Oxford Today editor Richard Lofthouse talks to the private equity legend about deal-making, dyslexia, and building a positive legacy.
By Richard Lofthouse
Mansfield College, under the leadership of Baroness Helena Kennedy QC, is on a roll these days. A highly sustainable new building, the Hands Building (informally, ‘Love Lane’), will open early in 2018. Situated in the south-east corner of the main quad, the outer structure is already built. A riot of high-viz yellow vests, hard hats and heavy machinery, plus banging and drilling, are all discernible from a beautiful bay window in the Principal’s lodgings, where I am sipping coffee with a private equity legend, and donor to Mansfield, Guy Hands (Mansfield, PPE, 1978).
Guy and his wife Julia, a successful hotelier on her own account, gave £2million towards the building. Kennedy has raised £23million, noting that the college needs just a further £200,000 to meet its goal.
Turning towards the drilling and banging, he notes how the basement and ground floor will host the Bonavero Institute of Human Rights, a joint venture with Oxford’s law faculty and the subject of a previous interview in Oxford Today with ex-Man Group CEO Yves Bonavero (Harris Manchester, 1996). The Hands Building is so sustainable that it will have low running costs covered by an endowment that was part of the fundraising. It will be a huge addition to the armoury of one of Oxford’s smaller colleges.
Responding to Lord Browne, Hands would press a slightly different and more optimistic interpretation on the lecture, citing his own core belief that disruption is good if the resulting change is good — perhaps to be seen here as a short-term loss but for a long-term gain.
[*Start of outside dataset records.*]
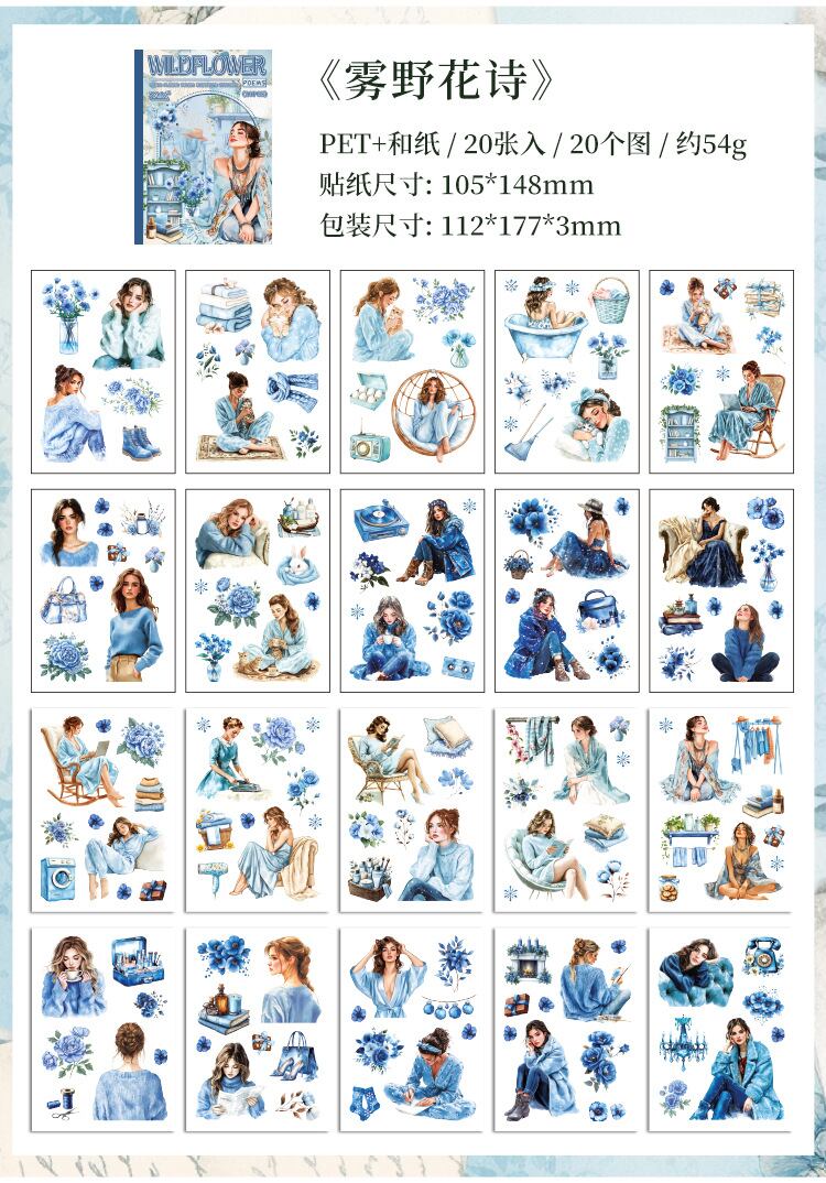【15-d】flower vineシリーズ ステッカーブック 青 20ページ
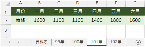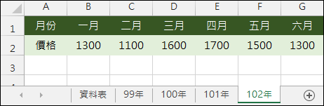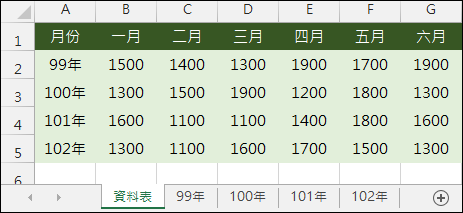 回答網友提問:當資料分處於多個工作表中(例如:99年、100年、101年、102年),如果想要在某一個工作表中查詢各個工作表中的資料,該如何處理。當然各個工作表的格式都是一樣的!(參考以下四個圖)
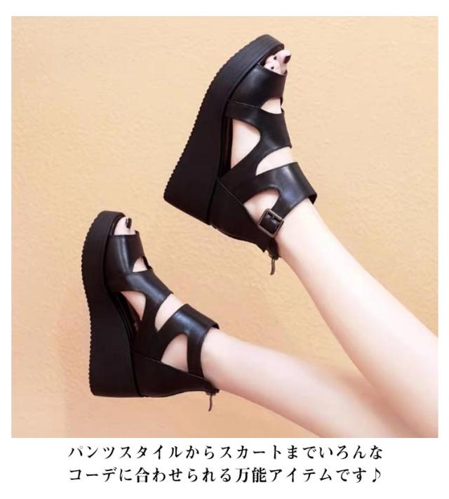 | 女性らしい印象が高まり、様々なアイテムと合わせやすいのも嬉しいポイントです。 履くだけで足長+綺麗に見える厚底ウェッジサンダル♪ 流行のブーツサンダルで大人カジュアルが楽しめます。春先から長い期間使える嬉しいアイテム♪ 1足だけで十分な存在感なうえ、履きやすくコーデを選ばないシルエット☆パンツスタイルからスカートまでいろんなコーデに合わせられる万能アイテムです♪ 軽量で裏底には滑り止め加工を施しております、ソールは耐久性があります。 夏の季節はオープントゥ デザインでネイルも楽しんで頂けます。 | |
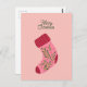 Merry Christmas Stocking PostCard with a cute pink sock.
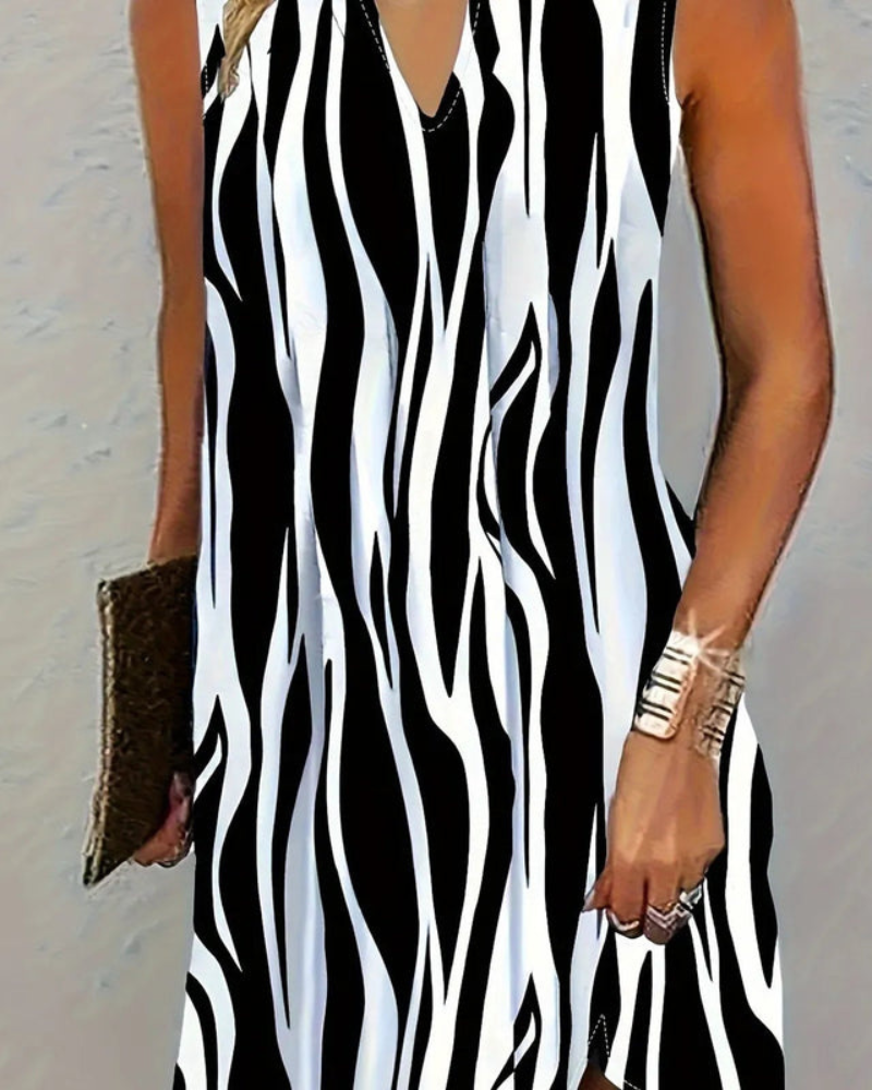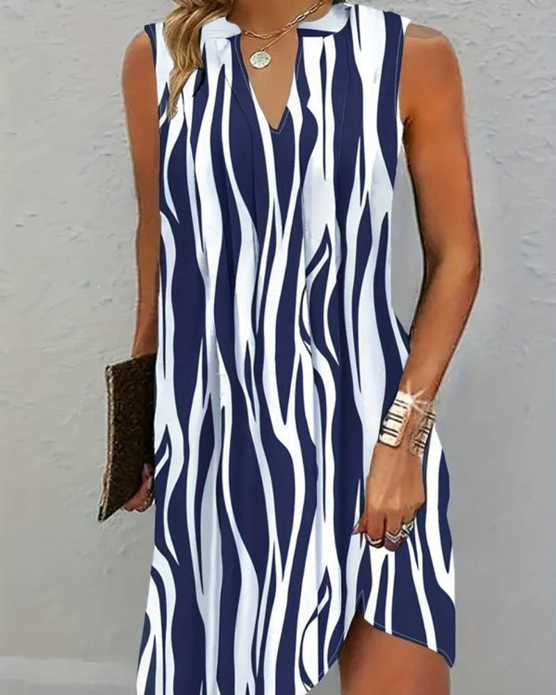 Dieses ärmellose Kleid mit Streifen ist die ideale Wahl für warme Sommertage. Das klassische Design kombiniert mit einem luftigen Schnitt sorgt für eine mühelose Eleganz, die sich perfekt für verschiedene Anlässe eignet. Ob beim Strandbesuch, einem Brunch mit Freunden oder einem entspannten Treffen – dieses Kleid ist vielseitig und stilvoll.
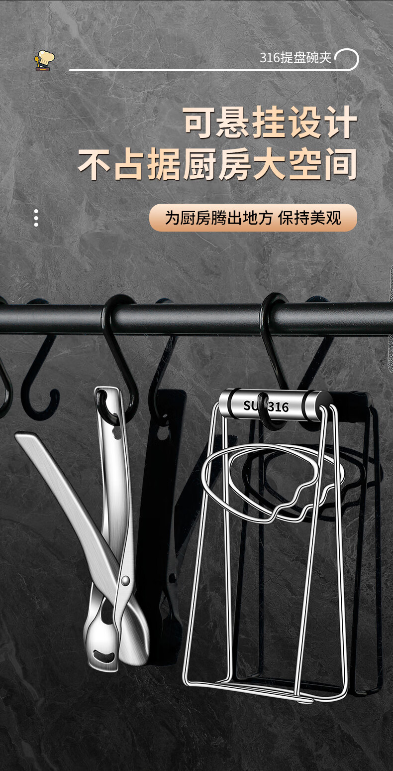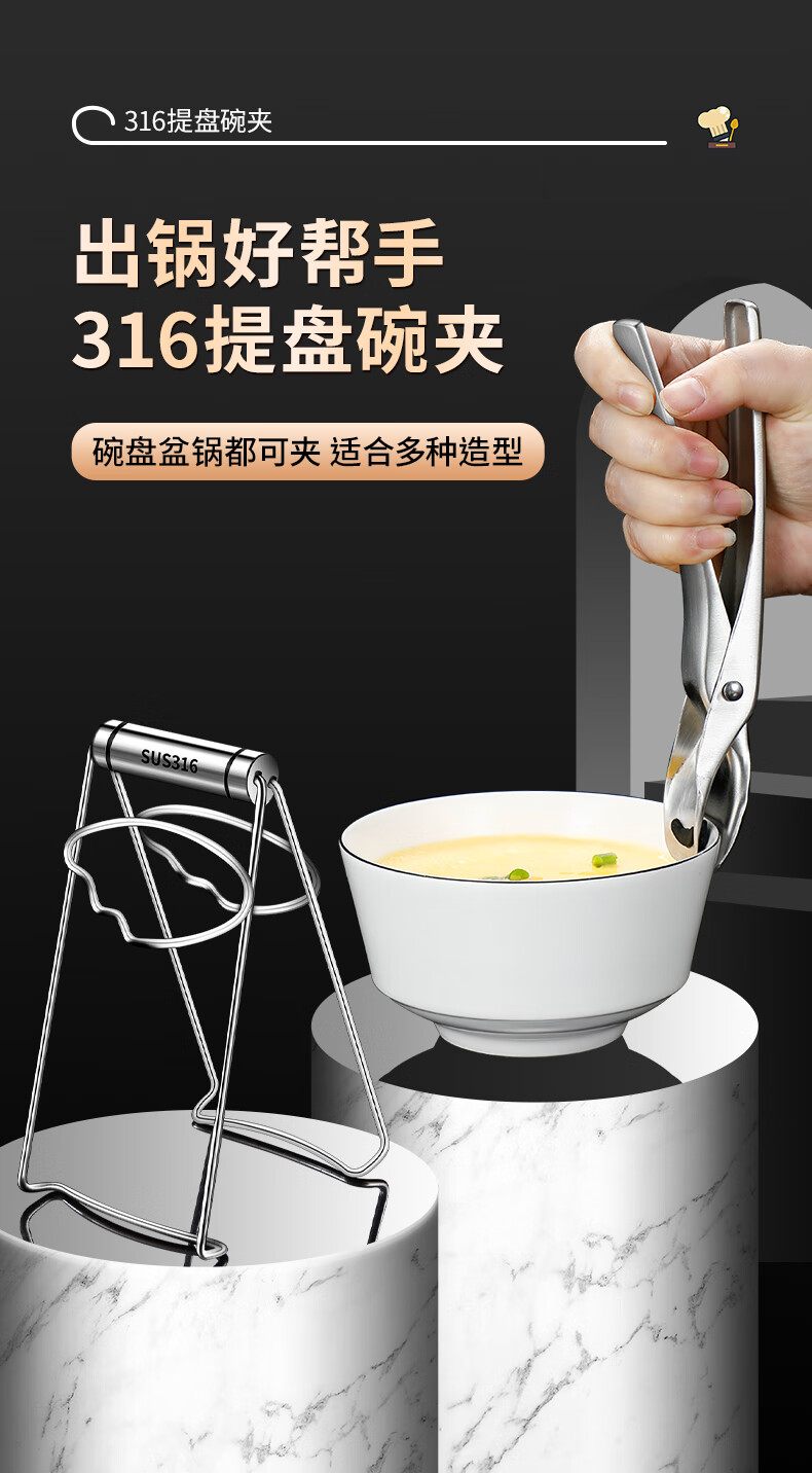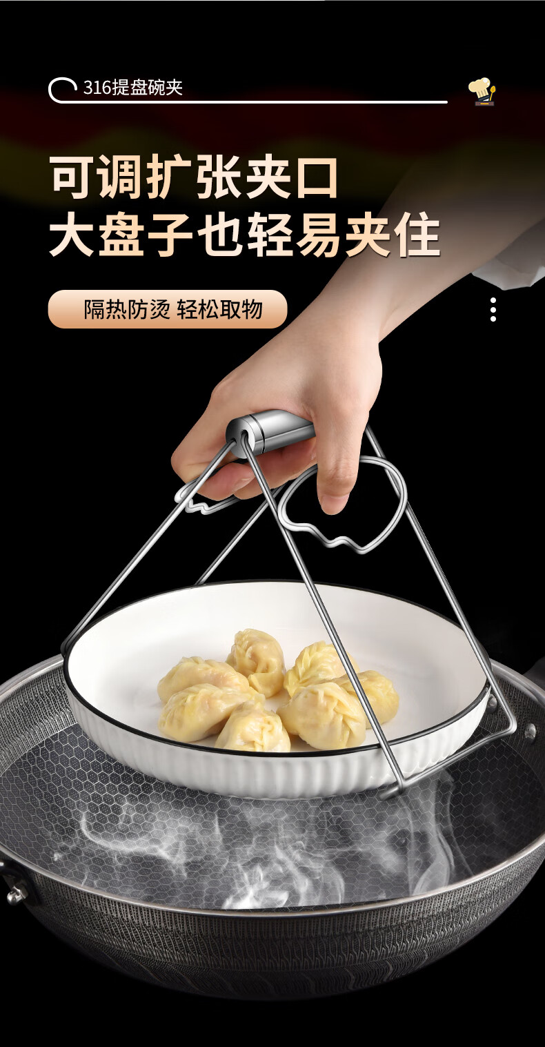 Baichunbao 316 stainless steel anti-scalding bowl clamp casserole clamp plate bowl clamp kitchen 316 steel bowl clamp + 304 steel 4cm steam rack

Browne had rather emphasised the risk of a short-term gain but a long-term loss, perhaps with the recent market fillip or so-called ‘Trump Bump’ in mind, but also regarding declines in global freedom for the past ten years in a row. Browne reminded his audience that human affairs can go backwards as well as forwards.
Hands has always been more optimistic, saying recently in another media interview about his private equity company Terra Firma: ‘Brexit has thrown all the balls up in the air. It doesn’t matter what your business is, it’s going to be affected by Brexit. But what our business does is it takes advantage of change. Most people are uncomfortable with change, they get scared by it. We have a business that is built on analysing change and dealing with it.’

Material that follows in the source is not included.